Environmentalists called measures under Stage IV of the Graded Response Action Plan “ineffective” and said it was a “little too late” to ban diesel light motor vehicles in Delhi-NCR as the final stage of a central panel’s anti-pollution action came into effect.
The Commission for Air Quality Management (CAQM) on Thursday decided to implement measures under Stage IV of the Graded Response Action Plan (GRAP) — a set of anti-pollution measures followed in the national capital and its vicinity, according to the severity of the situation — in view of the worsening air quality in Delhi-NCR.
The CAQM banned the plying of four-wheeled diesel light motor vehicles in Delhi and adjoining NCR districts and the entry of trucks into the national capital as part of the final stage of GRAP. However, BS-VI vehicles and those used for essential and emergency services are exempted.
Delhi’s overall air quality index (AQI) at 445 at 3 pm. Almost all air quality monitoring stations reported a ‘severe’ reading while 16 logged an AQI of more than 450. An AQI of above 400 is considered ‘severe’, which can affect healthy people and seriously impact those with existing illnesses.
The anti-pollution measures under GRAP are classified under four different stages of adverse air quality in Delhi: Stage I – ‘Poor’ (AQI 201-300); Stage II – ‘Very Poor’ (AQI 301-400); Stage III – ‘Severe’ (AQI 401-450); and Stage IV – ‘Severe Plus’ (AQI >450).
Bharati Chaturvedi, founder and director of Chintan Environmental Research and Action Group, claimed the entire GRAP initiative was problematic and that the measures should have been in place throughout the year.
“The action plan is problematic. It worked well as a concept when we had no access to data. But these measures should be in place throughout the year in order to bring down AQI levels to 100 or below,” Chaturvedi told PTI.
She further said construction workers were not being compensated enough and schools’ vacation schedules should have been reworked earlier.

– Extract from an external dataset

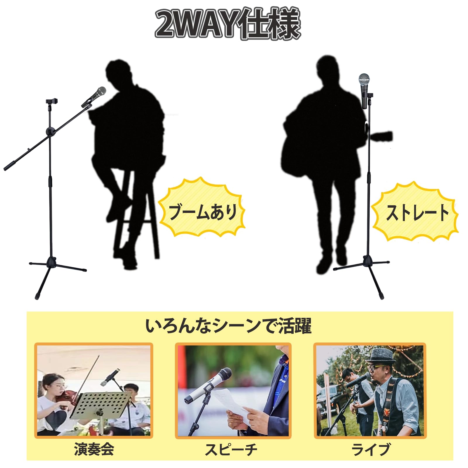 【多様なシーンに対応する】様々なシーンで使えるマイクスタンドです。 このマイクスタンドはストレートに設置するだけでなく、ブームに設置することもでき、様々な使用方法があり、様々なシーンで活躍します。マイクスタンドはストレートとブームと同時にセッティングして、弾き語りや収録、放送、演奏会などに使用できます。

“Construction workers in Delhi are not getting enough compensation. Most of them earn Rs 18,000 a month whereas the Delhi government is offering only Rs 5,000 a month.
The CAQM had on Saturday directed authorities to impose a ban on construction and demolition activities in Delhi-NCR, barring essential projects, under the third stage of GRAP.
Chaturvedi further said, “GRAP was implemented earlier too and shutting down schools under the action plan is nothing new. This happens every year, so why didn’t the Kejriwal government re-work their vacation schedules?”
Chief Minister Arvind Kejriwal on Friday said primary schools would be closed from Saturday in a bid to protect children from the effects of the deteriorating air quality.
Environment Minister Gopal Rai ordered 50 per cent staff of Delhi government to work from home and said an advisory would be issued to private offices to follow suit.
Speaking about implementation of the final stage of GRAP, environmentalist Bhavreen Kandhari said it was a little too late to implement such measures.
“Good to know that diesel vehicles have been put under restrictions but isn’t it a little too late? There are around 19 lakh vehicles in the national capital that do not have a valid PUCC (Pollution Under Control Certificates) but there is no technology to know whether such vehicles are plying on the roads or a system to impound them,” Kandhari told PTI.
She alleged that the measures announced were ineffective as there were not enough boots on the ground.
“Do we have enough force/personnel to implement these measures? For the existing ones, do they have the equipment and a strategy to impound these vehicles? Has the commission considered taking up additional companies of CAPF (Central Armed Police Forces) on all border checkpoints to assist the Transport department to stop polluting vehicles from entering?
“GRAP can go from 1 to a million stage but has no meaning if the laws aren’t enforced,” she said.
Centre for Research on Energy and Clean Air analyst Sunil Dahiya said the CAQM should also pull up inefficient administrations through penal actions if they failed to control pollution from sources within their areas of control.
“It is time the CAQM starts using its powers to shut down polluting industries and activities. The commission should also pull up the inefficient administration through penal actions if they fail to control pollution.
“We have enough resources and systems in place to identify polluters and those should be used for strict governance,” Dahiya said.